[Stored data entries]
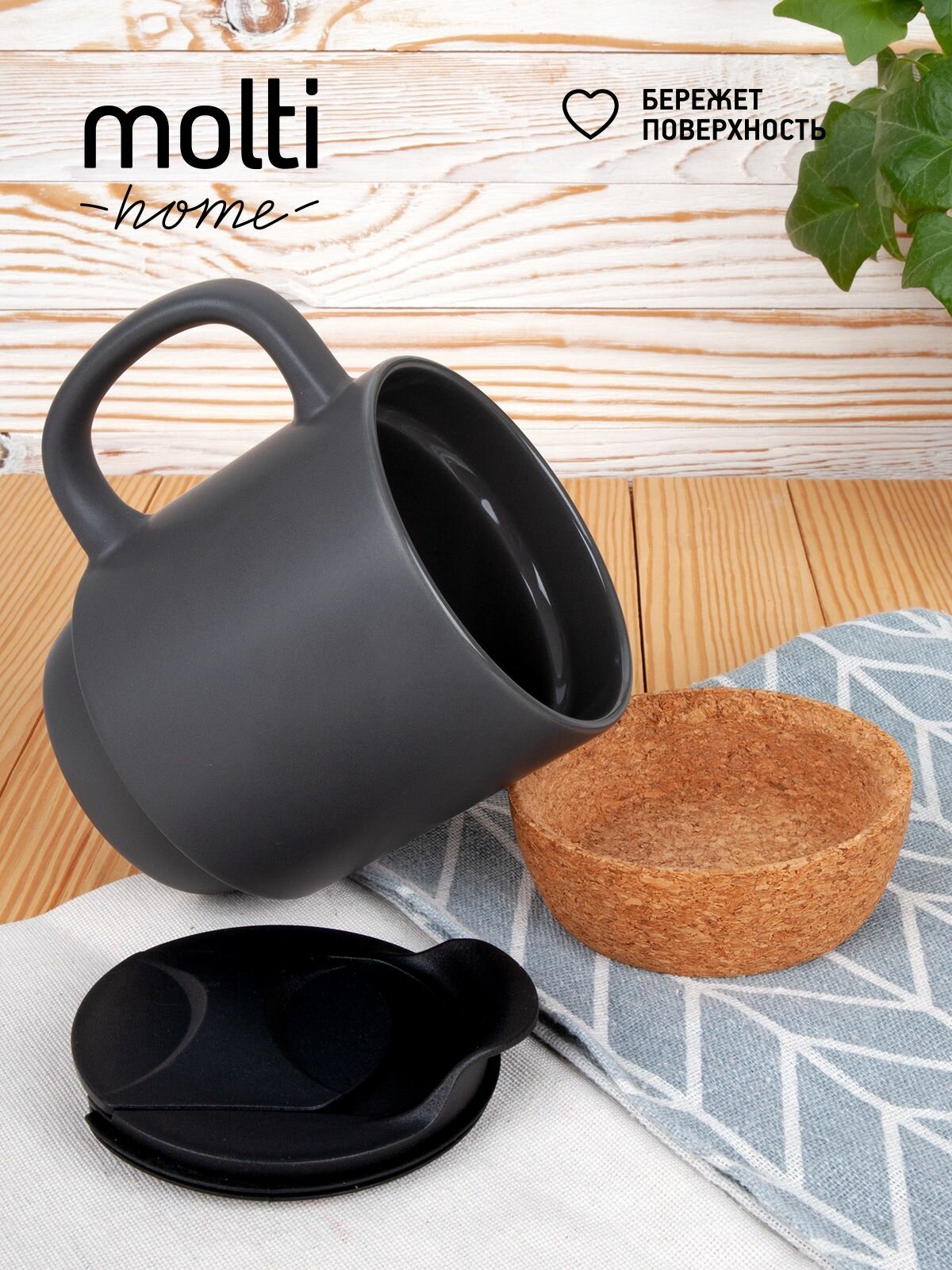Кружка для чая и кофе molti Corky Walk чашка подарочная с подставкой и крышкой 320 мл, черная 1 036 ₽
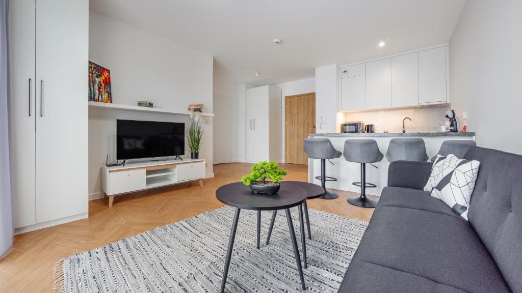 Oferta apartamentu obejmuje sypialnię (1), salon, aneks kuchenny z pełnym wyposażeniem, w tym lodówką i ekspresem do kawy, a także łazienkę (1) z prysznicem oraz suszarką do włosów. Goście mają do dyspozycji telewizor z płaskim ekranem.
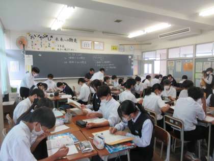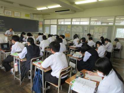 2年生の今日の授業の様子です。 写真上段 2−1 理科 写真下段 2−2 保健体育
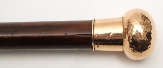 An Edwardian 9ct gold mounted malacca walking cane, maker Johnson, Walker & Tolhurst, London 1908:, the plain shaft with plain gold ferrule with planished pommel, 92.5cm long
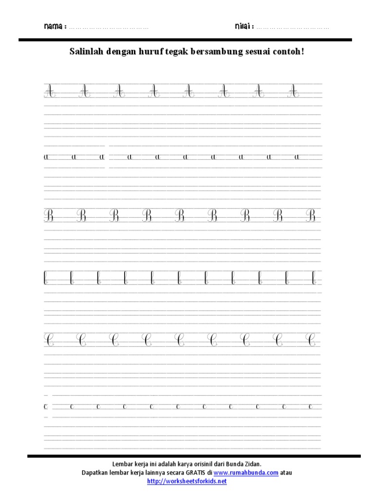 Huruf tegak bersambung ada 2 yaitu cursif dan cursif lignes. Untuk mengenalkan huruf tegak bersambung dapat dilakukan dengan merangkai titik titik yang nantinya apabila disambung akan membentuk abjad huruf tegak bersambung. Lembar kerja ini berisi huruf tegak bersambung putus putus lengkap dengan garis bantu yang bisa dijadikan acuan anak yang baru memulai belajar menulis halus. Langkah awal memperkenalkan siswa dengan semua bentuk huruf abjadnya. Tulisan tegak bersambung contoh tulisan tegak bersambung langkah langkah mengajari menulis adalah. Contoh huruf tegak bersambung 1 contoh huruf tegak bersambung 2 latihan menulis huruf tegak bersambung.
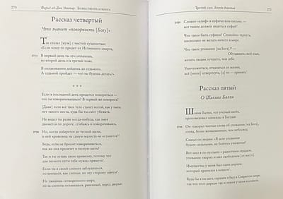 Сюжеты для историй ‘Аттар черпал отовсюду — в повседневной жизни, из рассказов покупателей и пациентов, приходивших в его аптечную лавку, из историй о святых людях, которыми он восхищался ещё в детстве, из множества книг, устных преданий и сказок.
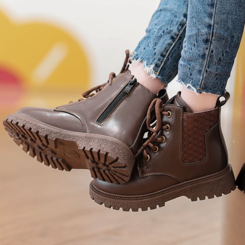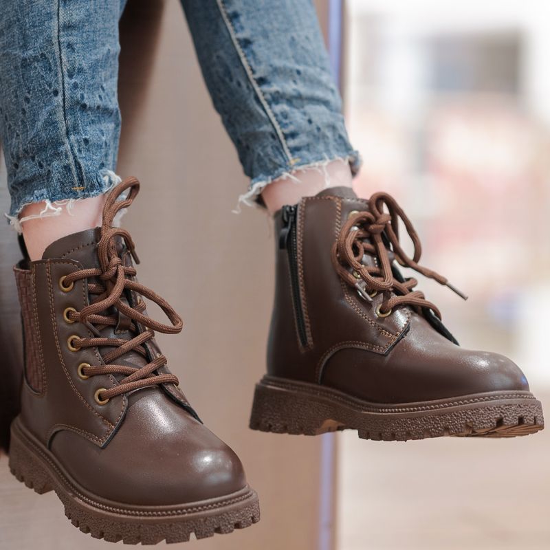 Buy Children's Outdoor Non-slip Leather Martin Boots Hiking Boots-Brown in Nigeria
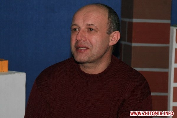 Актор Микола Карпович на прес-конференції до 65-ї річниці з дня заснування житомирського драмтеатру, фото 2009 року
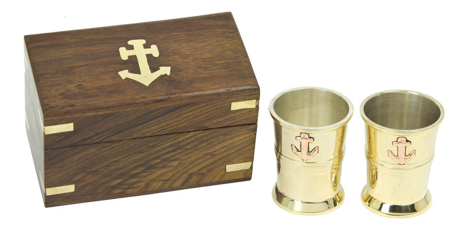 Table Top Brass Nautical Shot Glass Set of 4 Customized Nautical Cocktail Glass in Brass Metal Nautical Shot Glass Set of 4
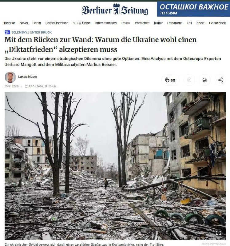 Газета Berliner Zeitung пишет, что ситуация для Украины становится очень тяжёлой. Издание заявляет: армия устала, помощь от союзников замедляется, а хороших вариантов для выхода из войны почти не осталось. Аналитик Герхард Манготт заявил: чтобы остановить войну, Киеву, скорее всего, придётся согласиться на жёсткие условия — отказаться от части территорий и от планов вступить в НАТО. По его словам, время и ресурсы на сопротивление заканчиваются. Официальная позиция Украины остаётся прежней: переговоры — только на своих условиях, с восстановлением границ. США и ЕС публично продолжают обещать поддержку, но в статье делается намёк, что в реальности запал у западных партнёров ослабел. 📱телеграм-канал Херсонский Вестник 🌐группа VK Вконтакте

Aim of the task:
Above are records; write out the lines from the one with "2年生の今日の授業の様子です。 写真上段 2−1 理科 写真下段 2−2 保健体育" down to the one with "An Edwardian 9ct", exactly, leaving the pictures out.

Task solution:
 2年生の今日の授業の様子です。 写真上段 2−1 理科 写真下段 2−2 保健体育
 An Edwardian 9ct gold mounted malacca walking cane, maker Johnson, Walker & Tolhurst, London 1908:, the plain shaft with plain gold ferrule with planished pommel, 92.5cm long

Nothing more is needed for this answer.